From binary hedging to leveraged liquidation
For a long time, prediction markets maintained high leverage on token prices and kept a certain distance. But on April 21, 2026, this gap was completely broken: Polymarket and Kalshi announced the launch of crypto perpetual futures within hours, offering up to 10x leverage on BTC and other cryptocurrencies.

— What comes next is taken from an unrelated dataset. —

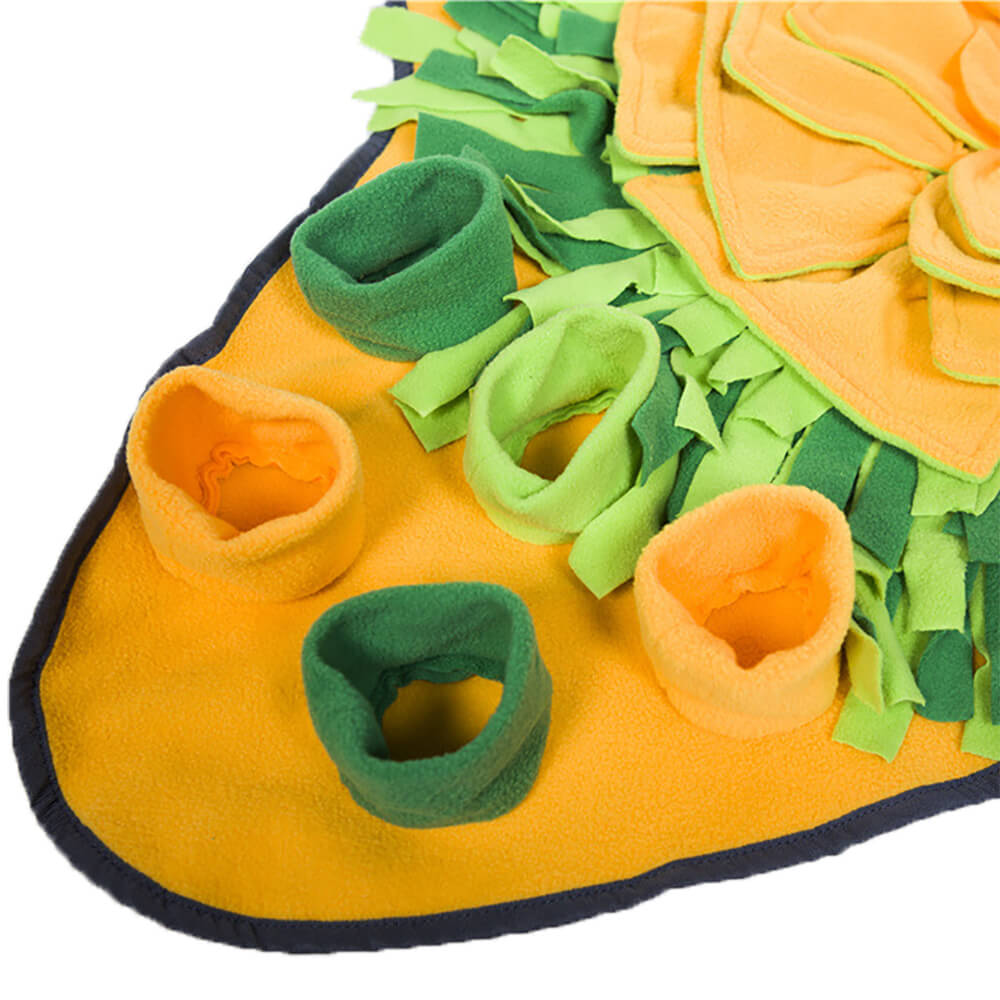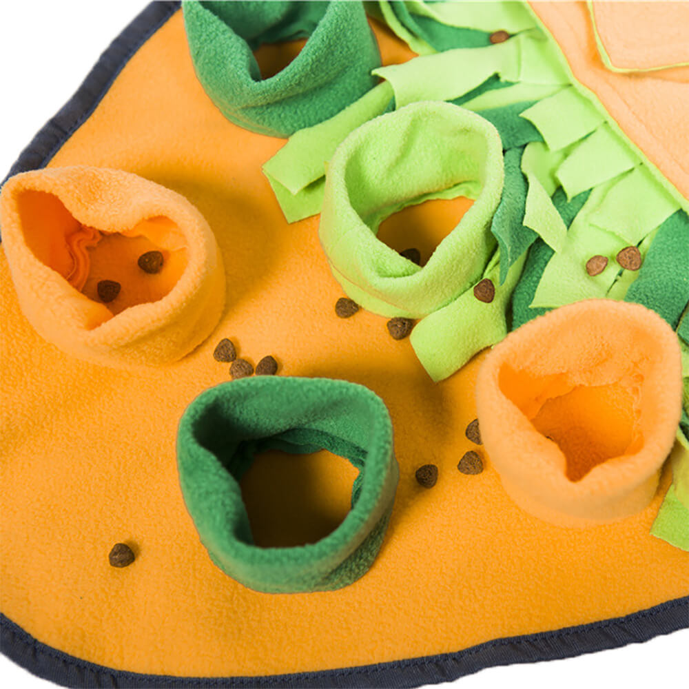 Нюхательный коврик для собак Starly из полиэстера предназначен для развлечения питомца без участия хозяина, снятия стресса, тренировки нюха. Нюхательная игрушка выполнена из безопасной для здоровья питомца ткани, окрашенной в желтые, оранжевые и зеленые цвета. Многослойная развивающая игрушка для собак оснащена множеством кармашков, в которые можно спрятать любимые собачьи сухие лакомства. Игрушка для поиска еды подойдет питомцам любых пород, размеров и возрастов. Игрушка для поиска лакомств может использоваться в доме или квартире, а также на улице.

This means that the future decline of prediction markets is no longer just “information gap losses,” but could involve forced liquidations. In the past 24 hours, the total crypto market liquidation exceeded $338 million, with longs accounting for about 78.5%. When high leverage is introduced into the long/short systems of prediction markets, even a small misjudgment of a low-probability event can lead to immediate destruction. The previously protective “loss of only principal” barrier is dissolving.
Summary
Prediction markets are at a strategic turning point from novelty entertainment to scaled financial instruments. However, for newcomers, beyond the apparent betting gains and losses, these hidden risks—such as data and physical manipulation, false liquidity, oracle failures, uncontrollable regulation, and the introduction of high leverage—are the deepest pitfalls that can swallow their capital and are often overlooked by retail traders. Before stepping onto this “intersection of reality and the crypto world,” you must not only understand probabilities but also peer into mechanisms that are entirely beyond the scope of “cognitive monetization.”